Share this article: Facebooktwitterredditpinterestlinkedinmail

31 May 2022

Ruby Acquah and Mattia Di Ubaldo are Fellows of the UK Trade Policy Observatory and Research Fellows in Economics at the University of Sussex Business School

Tensions over the Northern Ireland Protocol (NIP) have intensified as the UK Government (henceforth HMG) announced plans to introduce legislation that would enable it to disapply parts of the Protocol.  The UK has often demanded the re-negotiation of the NIP due to its economic costs, and a too strict application by the EU. Recently, Assembly elections in Northern Ireland escalated the urgency of resolving the issue, as the Democratic Unionist Party (DUP) is currently refusing, as part of its protest against the NIP, to participate in the power-sharing executive.

Given the foregoing, we have examined trade data to shed light on three key issues:

  • Where do Northern Ireland’s imports come from?
  • Is Northern Irish trade skewed towards ‘checks intensive’ products?
  • What is the current trend in Northern Ireland’s imports?
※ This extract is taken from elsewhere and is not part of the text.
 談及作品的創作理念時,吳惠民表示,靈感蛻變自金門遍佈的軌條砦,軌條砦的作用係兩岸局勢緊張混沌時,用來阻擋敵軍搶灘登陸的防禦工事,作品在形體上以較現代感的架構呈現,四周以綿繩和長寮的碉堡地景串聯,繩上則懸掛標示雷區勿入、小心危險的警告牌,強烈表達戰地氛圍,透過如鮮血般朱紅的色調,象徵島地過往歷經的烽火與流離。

We conclude that with 60% of Northern Ireland’s (NI) imports coming from Great Britain (GB), the importance of East-West trade is undisputable.  The barriers created by the NIP that affect trade from GB into NI were always bound to result in shipping delays and higher costs to trade. In this context, the increase in NI imports from the Republic of Ireland (RoI) in 2021 could suggest that some firms in NI have started to find alternative suppliers. However, whether the NIP creates ‘serious economic difficulties’ that are ‘likely to persist’, or a ‘diversion of trade’ (the grounds to invoke Art. 16 of the NIP) is yet to be determined.


The policy context

To avoid a border on the island of Ireland whilst at the same time protecting the integrity of the EU Single Market, the NIP placed a custom and regulatory border between NI and GB. Products moving from GB to NI must be shown to comply with EU standards which, especially in the agri-food sector, implies a list of documentary, identity, and physical checks. These new procedures have resulted in increased paperwork for firms, likely higher costs to move products into NI (due to agents’ and hauliers’ fees, and increased staff time), and longer shipping times.
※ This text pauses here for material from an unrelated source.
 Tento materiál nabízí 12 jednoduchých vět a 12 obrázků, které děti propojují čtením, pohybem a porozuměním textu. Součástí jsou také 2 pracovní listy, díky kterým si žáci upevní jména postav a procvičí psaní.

In response, HMG has recently proposed legislation that would allow the unilateral suspension of parts of the NIP, to eliminate all checks for goods shipped from GB intended for exclusive sale within NI and allow producers of such goods to adhere to UK standards only.  Checks on goods destined for the RoI would be retained, with the identification of such products the responsibility of traders operating under a ‘trusted trader scheme’.  In addition, the UK wants to allow NI businesses to choose between UK or EU standards, regain the power to apply UK VAT rates in NI, and reduce the role of the European Court of Justice in overseeing the NIP. In sum, the UK believes that a light-touch approach to the border issue is enough to protect the EU Single Market.

The EU’s response will most likely depend on the extent to which the UK deviates from the current arrangements (i.e., if some checks are to be maintained), and the modalities in which the suspension of the NIP will occur (i.e., either through the legal framework provided by Art. 16 of the NIP or by internal law acts that bypass the obligations in the NIP).  We refrain from analysing the legality of the actions currently considered by HMG and the possible responses of the EU. Instead, we examine trade patterns to help situate the dispute over the NIP into an economic context.

Where do Northern Ireland’s imports come from?

The NIP only affects trade flowing from GB to NI, as in the opposite direction HMG has promised the absence of barriers to GB for NI exporters.[1] Hence, we will focus our analysis on NI goods imports.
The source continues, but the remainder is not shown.